The full listing is to be returned exactly as given, but without pictures.
========
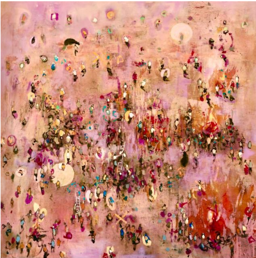
Stolen Time VII 2021 olio su tela cm 80x80 euro 3000
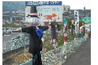
「かかし祭」左端が沼高の作品
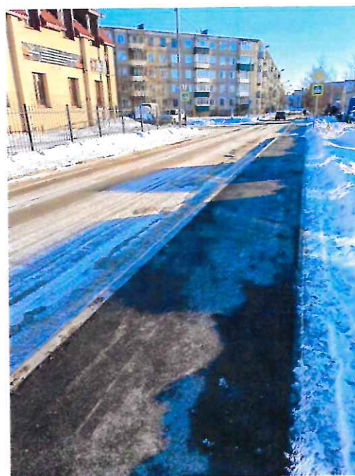
Устройство нового тротуара между общеобразовательными учреждениями ( было и стало)
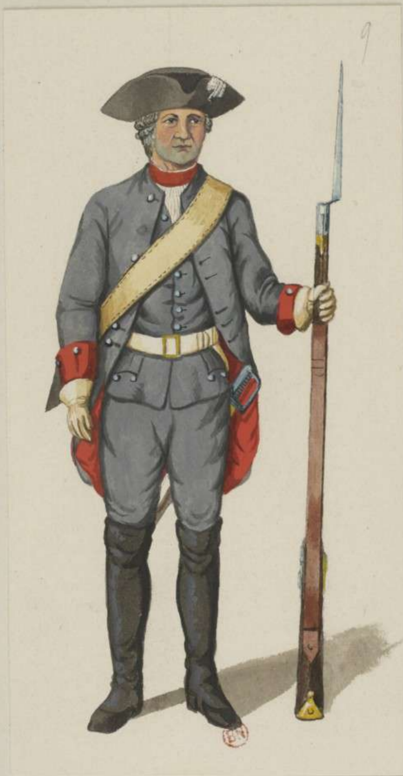
9° - Halb Invaliden Compagnie zu Waldheim - 1752
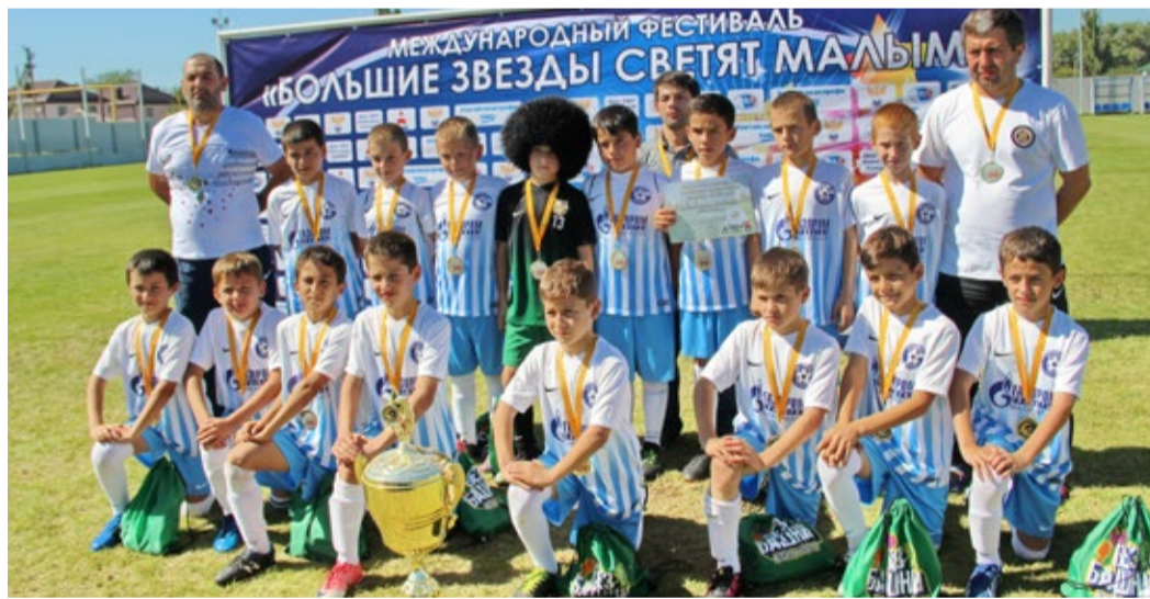
Спортсмены футбольного клуба «Газовик»

Многим в республике и за ее пределами известно не понаслышке о благотворительной деятельности ООО «Газпром трансгаз Махачкала». Ежегодно предприятие оказывает поддержку инвалидам, детям, оставшимся без попечения родителей, советам ветеранов, учреждениям в сфере образования и культуры, и, конечно же, спорт также находится в списке приоритетов на оказание благотворительной помощи.
========
Exercise result
Stolen Time VII 2021 olio su tela cm 80x80 euro 3000
「かかし祭」左端が沼高の作品
Устройство нового тротуара между общеобразовательными учреждениями ( было и стало)
9° - Halb Invaliden Compagnie zu Waldheim - 1752
Спортсмены футбольного клуба «Газовик»

Многим в республике и за ее пределами известно не понаслышке о благотворительной деятельности ООО «Газпром трансгаз Махачкала». Ежегодно предприятие оказывает поддержку инвалидам, детям, оставшимся без попечения родителей, советам ветеранов, учреждениям в сфере образования и культуры, и, конечно же, спорт также находится в списке приоритетов на оказание благотворительной помощи.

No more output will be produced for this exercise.